Salt and Autoimmunity: A Surprising Link
(Ivanhoe Newswire) – Salt can add flavor to dishes, but unfortunately it can also take a toll on our health. If you’re looking for even more reason to cut back on your salt intake, a new study may have linked dietary salt to a heightened risk of autoimmune diseases like multiple sclerosis.
After adding salt to the diets of mice, researchers noted that the mice’s bodies began to produce a type of T cells that is associated with autoimmune diseases. Furthermore, the mice that had salt in their diets developed a more serious type of experimental autoimmune encephalomyelitis, an animal model of multiple sclerosis.
The inspiration for the study came from a prior observation that the production of inflammatory cells increased after eating fast food. These inflammatory cells are what attack healthy tissues in autoimmune diseases, so researchers hypothesized that the high amount of salt in the foods we eat could play a role in why many autoimmune diseases have become more prevalent.

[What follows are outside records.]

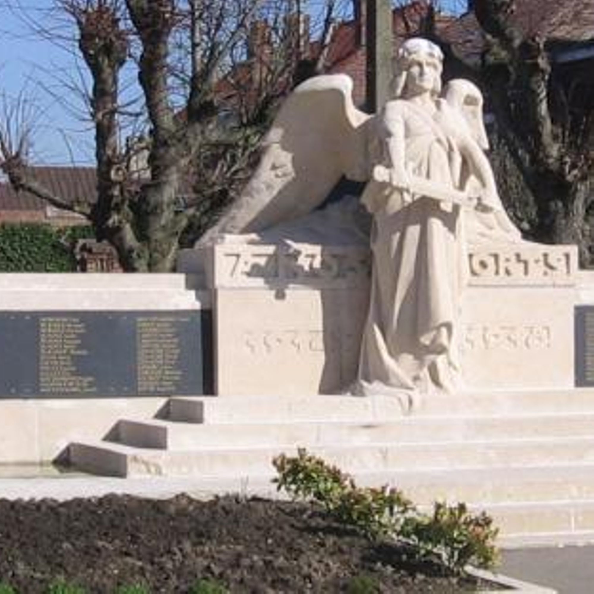- 2. d’une sculpture centrale surmontant le socle exécutée par le bailleulois Camille DEBERT d’après une maquette proposée par le Comité et le Conseil Municipal représentant un « Génie Ailé » debout devant l’autel de la Patrie portant le glaive symbolisant l’arrêt des envahisseurs.
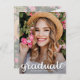 The word "graduate" in an elegant white script along with graduate's name and class year (or delete that line) SAVE THE DATE postcards for your Graduation Party or Graduation Ceremony. Add the same or different photo on the back *TIP: We just resized the same photo to a horizontal layout before we uploaded it for the back and it is behind a transparent layer for your text is easy to read. More designs in our store.
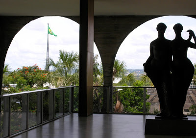 The photo was one I took four years ago in Brasília from the gorgeous Ministry of Foreign Affairs building, designed by Oscar Niemeyer. Note the big Brazilian flag in the background. Things appeared better then, with Dilma Rouseff poised to win re-election. How times have changed. Wonder if the view has.
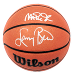 This Wilson NBA Ball was personally hand signed by Larry Bird & Magic Johnson in silver paint marker. The Basketball was signed in the presence of a Beckett Authentication Services Representative and comes affixed with a witnessed individual numbered tamper-evident hologram. The Basketball also comes with a Famous Ink hologram guaranteeing authenticity for life. Domestic ground shipping for this item is FREE to the contiguous 48 states. Please contact us for International and other shipping options.
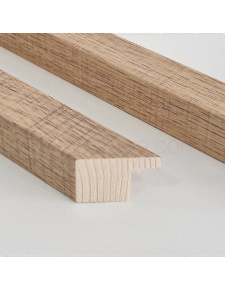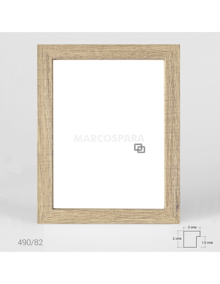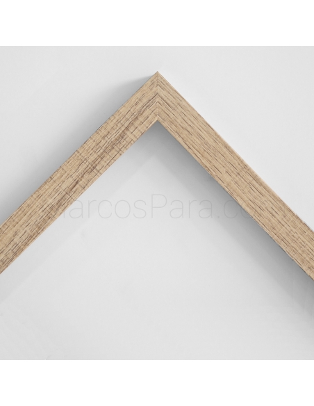 Marco de madera tipo taco de 2cms de frontal y 2cm de profundidad, disponible en color roble, haya, blanco y negro.
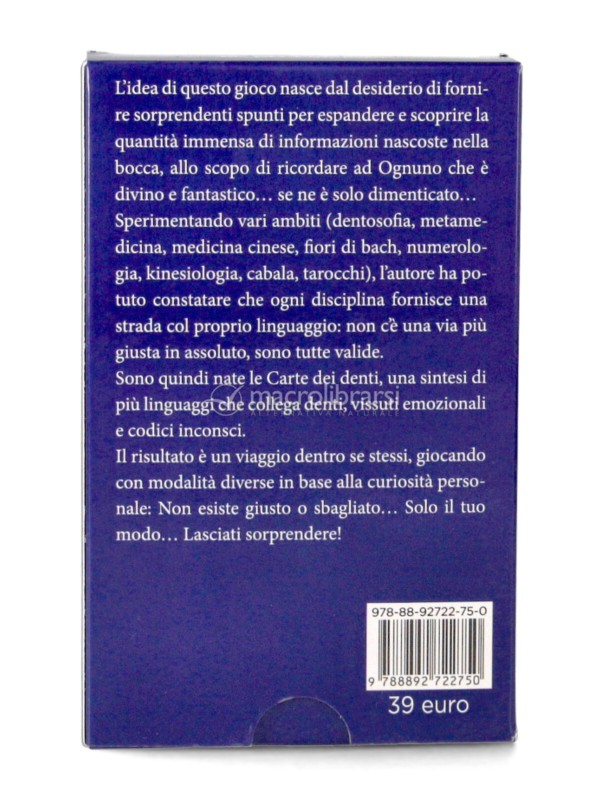Questo mazzo di carte è molto particolare, traspare il grande lavoro ed esperienza dell'autore; lo trovo molto utile perché riunisce in un unico mazzo tante informazioni diverse, che aiutano a prendere consapevolezza di ciò che l'inconscio manifesta attraverso i denti. Le carte sono plastificate, spesse e robuste. Sono grandi per cui non è semplicissimo mescolarle, ma la carta che deve uscire uscirà... anche se non le si mescola bene ;) Il libricino è molto stringato, sarebbe utile un manualetto più esaustivo, ho trovato alcune spiegazioni poco chiare, forse perché troppo sintetiche. Non ho ben capito come si collegano i numeri sulle carte ai 9 archetipi elencati nella tabella allegata al mazzo. Sarebbe meglio magari fornire spiegazioni più dettagliate e chiare in questo senso. E' utile avere una conoscenza pregressa della sapienza delle lettere ebraiche, presenti ma non approfondite. Ci sono davvero tante informazioni, ma manca una chiave di lettura organica: così rischiano di restare un po' scollegate.
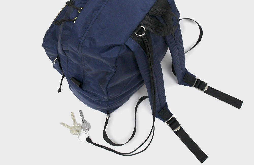 付属のドローコードを使用して鍵などの収納に便利なディテールです。
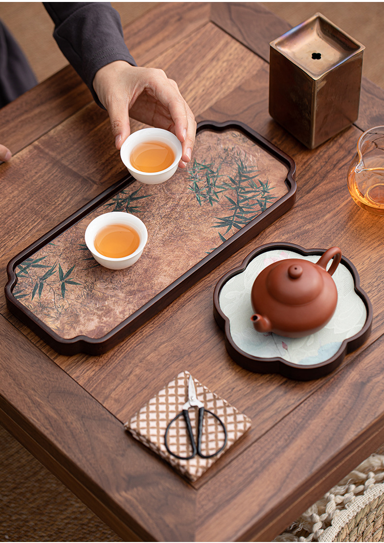 Đám mây lụa đôi tre khay kiểu Trung Quốc khô bong bóng khay nhà retro khay trà retro vuông khay trà chống thấm nước giữ nồi

“Today, Western diets all have high salt content and that has led to increase in hypertension and perhaps autoimmune disease as well,” study researcher David Hafler, the Gilbert H. Glaser Professor of Neurology, Professor of Immunobiology, and Chair of the Department of Neurology at Yale University, was quoted as saying.
While it may be surprising to some that the relationship between dietary salt and autoimmune disease has only recently come to light, researchers explain that test tube biology uses salt levels in the blood rather than in the tissues, which is where autoimmunity can be seen.
For people concerned about their own risk when it comes to autoimmune disease and salt consumption, being careful about what foods you eat can go a long way.
“I already recommend that my patients use a low-salt, low-fat diet," Hafler was quoted as saying.